In terms of income classification, Isabela is rated as first-class province and considered among the richest and most progressive province in the Philippines and the most progressive in Region 02 courtesy of the three key cities strategically located in the province.

Trade and industry

Strategically located at the center of Cagayan Valley region, Isabela is acknowledged to have demonstrated strengths in business and industry. Thus, it has come to be known as the Regional Trade and Industrial Center of north-eastern Luzon.

The province of Isabela is the richest in Cagayan Valley. It is also the 9th Richest Province in the Philippines last 2021.

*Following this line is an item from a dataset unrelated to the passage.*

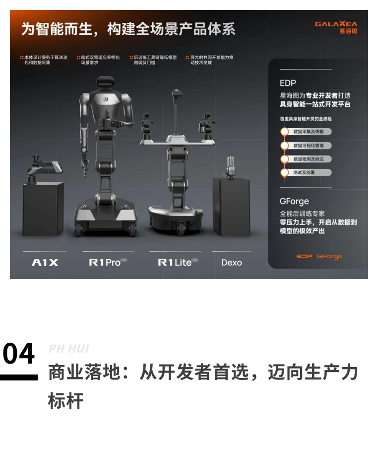 硬件之外,星海图自研的EDP具身智能开发平台实现了真实场景下从数据采集、标注到模型部署的全流程闭环。通过集成一站式后训练工具,EDP 与具身基础模型、机器人本体深度协同,大幅降低了研发门槛,为开发者提供了一条从原型验证到规模化部署的高效路径。

The cities of Cauayan, Ilagan, Santiago and the town of Roxas are the principal commercial centers of the province. Metro Manila-based malls and fast food chains have recently opened in these key trading hubs. To date, 192 banking branches operate in the province, with most of the universal and commercial banks providing automated teller machines for the convenience of their clients.

Since the start of the 21st century, a growing number of foreign and local investors have selected Isabela as site of their business ventures. Heading the list are Isabela's top investors, namely: Mindanao Grains Processing Company, Inc., SN Aboitiz Power- Magat Inc., Universal Leaf Philippines, Coca-Cola Bottlers Philippines, Inc., San Miguel Corporation, RC Cola and Pepsi Cola.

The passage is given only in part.